Material for the task:

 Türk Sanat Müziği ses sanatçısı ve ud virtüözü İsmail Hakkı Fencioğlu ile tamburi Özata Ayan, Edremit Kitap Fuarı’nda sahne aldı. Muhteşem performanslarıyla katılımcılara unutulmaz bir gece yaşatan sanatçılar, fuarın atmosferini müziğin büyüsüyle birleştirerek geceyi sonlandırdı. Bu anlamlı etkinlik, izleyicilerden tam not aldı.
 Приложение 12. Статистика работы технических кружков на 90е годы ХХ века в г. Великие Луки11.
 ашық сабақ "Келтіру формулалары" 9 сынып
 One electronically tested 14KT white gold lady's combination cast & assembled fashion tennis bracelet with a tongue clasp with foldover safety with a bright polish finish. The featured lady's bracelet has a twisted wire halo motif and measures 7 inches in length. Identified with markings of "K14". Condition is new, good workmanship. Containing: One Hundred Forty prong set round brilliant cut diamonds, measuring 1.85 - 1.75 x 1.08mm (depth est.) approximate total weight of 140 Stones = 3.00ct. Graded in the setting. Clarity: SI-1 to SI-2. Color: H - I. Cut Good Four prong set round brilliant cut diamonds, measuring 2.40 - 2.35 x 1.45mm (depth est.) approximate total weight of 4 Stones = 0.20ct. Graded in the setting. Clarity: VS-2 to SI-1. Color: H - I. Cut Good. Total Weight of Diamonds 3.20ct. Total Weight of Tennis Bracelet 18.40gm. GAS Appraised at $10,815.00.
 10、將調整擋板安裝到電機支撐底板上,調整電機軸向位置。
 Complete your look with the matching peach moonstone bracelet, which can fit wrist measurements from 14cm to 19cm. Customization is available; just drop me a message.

--

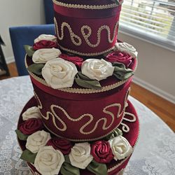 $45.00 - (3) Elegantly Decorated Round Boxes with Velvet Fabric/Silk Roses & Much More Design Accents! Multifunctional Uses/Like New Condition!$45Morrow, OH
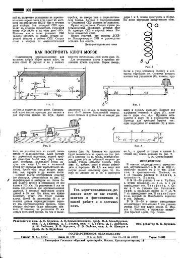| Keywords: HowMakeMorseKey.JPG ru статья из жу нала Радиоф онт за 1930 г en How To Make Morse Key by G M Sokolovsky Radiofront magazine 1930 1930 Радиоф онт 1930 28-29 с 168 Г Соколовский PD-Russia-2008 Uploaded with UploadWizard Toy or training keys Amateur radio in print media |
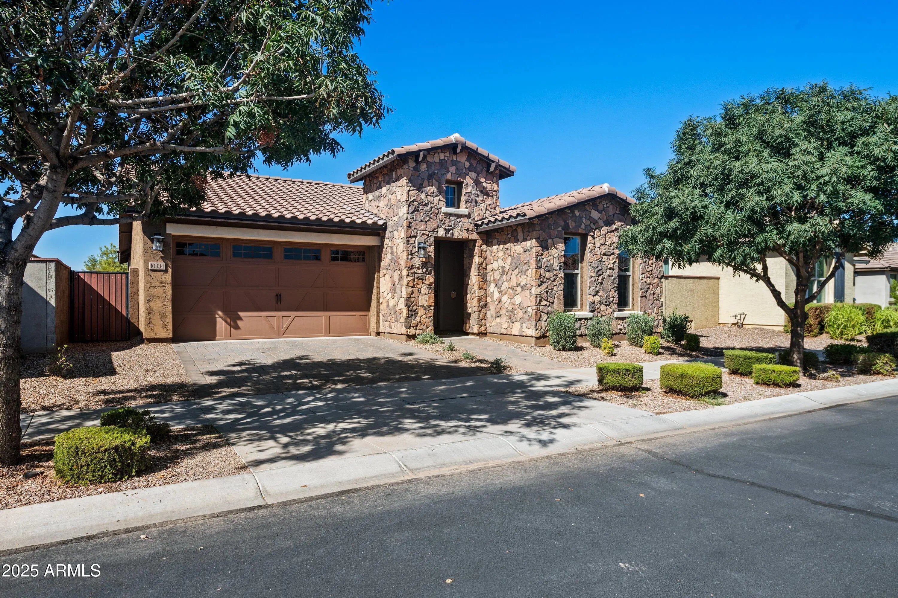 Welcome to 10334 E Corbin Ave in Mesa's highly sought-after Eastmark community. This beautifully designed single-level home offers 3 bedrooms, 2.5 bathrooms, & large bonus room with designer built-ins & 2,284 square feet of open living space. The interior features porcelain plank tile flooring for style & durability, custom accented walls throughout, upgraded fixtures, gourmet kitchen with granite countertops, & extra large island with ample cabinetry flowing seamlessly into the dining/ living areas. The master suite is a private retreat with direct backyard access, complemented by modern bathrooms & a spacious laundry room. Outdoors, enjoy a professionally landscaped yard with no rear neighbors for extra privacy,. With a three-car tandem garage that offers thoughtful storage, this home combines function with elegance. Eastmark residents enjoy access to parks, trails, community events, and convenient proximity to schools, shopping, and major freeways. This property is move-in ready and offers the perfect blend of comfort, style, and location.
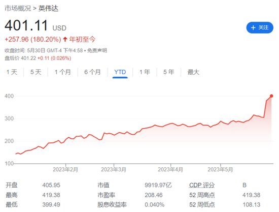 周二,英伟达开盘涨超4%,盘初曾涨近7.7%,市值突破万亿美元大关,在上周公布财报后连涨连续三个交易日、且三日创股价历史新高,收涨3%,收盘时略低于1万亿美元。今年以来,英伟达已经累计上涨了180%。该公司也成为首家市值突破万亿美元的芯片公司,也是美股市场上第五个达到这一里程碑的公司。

Exercise goal:
Within the entries, find all lines holding "bracelet" and copy each one.

Result below:
 One electronically tested 14KT white gold lady's combination cast & assembled fashion tennis bracelet with a tongue clasp with foldover safety with a bright polish finish. The featured lady's bracelet has a twisted wire halo motif and measures 7 inches in length. Identified with markings of "K14". Condition is new, good workmanship. Containing: One Hundred Forty prong set round brilliant cut diamonds, measuring 1.85 - 1.75 x 1.08mm (depth est.) approximate total weight of 140 Stones = 3.00ct. Graded in the setting. Clarity: SI-1 to SI-2. Color: H - I. Cut Good Four prong set round brilliant cut diamonds, measuring 2.40 - 2.35 x 1.45mm (depth est.) approximate total weight of 4 Stones = 0.20ct. Graded in the setting. Clarity: VS-2 to SI-1. Color: H - I. Cut Good. Total Weight of Diamonds 3.20ct. Total Weight of Tennis Bracelet 18.40gm. GAS Appraised at $10,815.00.
 Complete your look with the matching peach moonstone bracelet, which can fit wrist measurements from 14cm to 19cm. Customization is available; just drop me a message.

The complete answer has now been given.